As Americans, or maybe simply as human beings, we have a complicated relationship with the notion of hope.
As defined, hope signifies cherishing a desire with anticipation, desiring with expectation of obtainment, and expecting with confidence. We associate hope with athletes and politicians, those who beat the odds, victorious in the end (or at least valorous in their attempts). We push hope aside to be more realistic, or we embrace it in a last-ditch effort to get what we want. Some religions seem to promote a kind of hope, while other philosophies eschew it altogether; self-help literature, too, goes both ways on hope: some articles tout the benefits of this feeling, while to other ways of thinking, it’s better to err on the side of pragmatism and likelihood. In the end, where hope is concerned, it seems we don’t really know if we’re coming or going.

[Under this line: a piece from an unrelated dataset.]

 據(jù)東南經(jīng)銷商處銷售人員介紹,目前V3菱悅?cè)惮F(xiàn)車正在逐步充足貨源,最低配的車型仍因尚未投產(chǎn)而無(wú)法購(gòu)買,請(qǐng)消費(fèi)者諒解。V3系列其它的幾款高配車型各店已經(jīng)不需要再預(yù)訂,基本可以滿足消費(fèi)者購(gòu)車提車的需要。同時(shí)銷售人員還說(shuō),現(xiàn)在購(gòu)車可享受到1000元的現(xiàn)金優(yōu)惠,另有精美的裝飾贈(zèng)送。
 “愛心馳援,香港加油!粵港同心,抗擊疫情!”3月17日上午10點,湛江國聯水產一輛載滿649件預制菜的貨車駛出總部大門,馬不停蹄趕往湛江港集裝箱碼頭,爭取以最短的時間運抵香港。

And nowhere is the push and pull of hope more apparent than in the throes of house hunting. Truly, there’s no better way to get to know yourself than to see how you react to looking for a new home.
I was reminded of this a few weeks ago, after holding an open house in St. Louis Park. A beautifully-maintained story-and-a-half, the home had been listed in the MLS on a Thursday, and we received one offer, with another on the way within the first 48 hours on the market (lo, the benefits of pricing well!). We received another inquiry prior to the open house from an agent whose clients—newlyweds—were planning to walk through the home before deciding whether to make an offer. When I arrived at the home, the couple was waiting, along with eight others! They had brought friends and family along to see the house and assess its condition.

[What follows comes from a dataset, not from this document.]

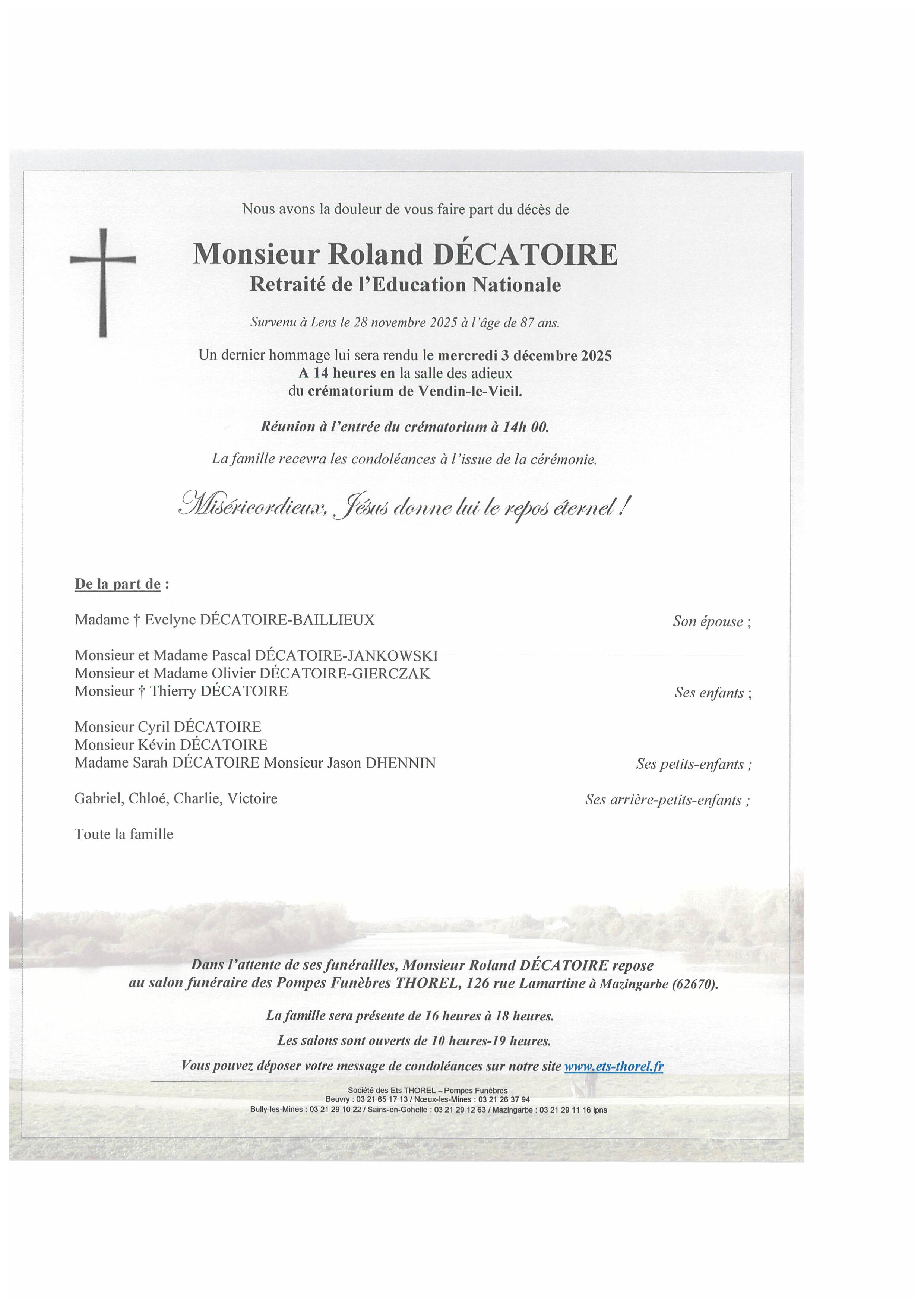 C’est avec une grande tristesse que nous vous annonçons le décès de Roland DECATOIRE survenu le vendredi 28 novembre 2025 à Lens. La cérémonie se déroulera le mercredi 03 décembre 2025 à 13h30 à l’adresse suivante : Crématorium de Vendin le Vieil - Route de la Bassée - 62880 Vendin-le-Vieil.

The group overwhelmingly gave the house a thumbs up, and several left after the first half hour. Others stayed longer, with the couple staying nearly the whole open house, along with a friend wise to all things electrical, kindly explaining things and answering the couple’s random questions along the way. Everyone left happy, and the couple was excited at the prospect of writing an offer.
I’ve thought about this in the weeks since the open house, because hope is integral to the home-buying process, for the most part (investor-buyers excluded). It’s an emotional decision, it’s a huge financial investment, it’s risky and it’s scary, and it’s wonderful and beautiful and you can’t help but want to find the perfect house with the best nooks and crannies and quirks and idiosyncrasies for all the stuff you want to do now and forever. You want your house to reflect all the best parts of you; you want cozy, or fun, or modern, or classic; you want your home to be what you want to become, in a way. You want to invite friends over for a glass of glogg by the fire on a cold winter’s night (everyone wants that, right?). In short, we can’t help but hope.
So, even though I am my father’s daughter and a grumpy, old realist from time to time, I realize hope is perhaps the defining emotion when it comes to buying a house, and, rather than cautioning against hoping altogether, maybe the answer is to hope in a more appropriate fashion—like perhaps waiting until after you’ve submitted an offer before showing the house to friends and family.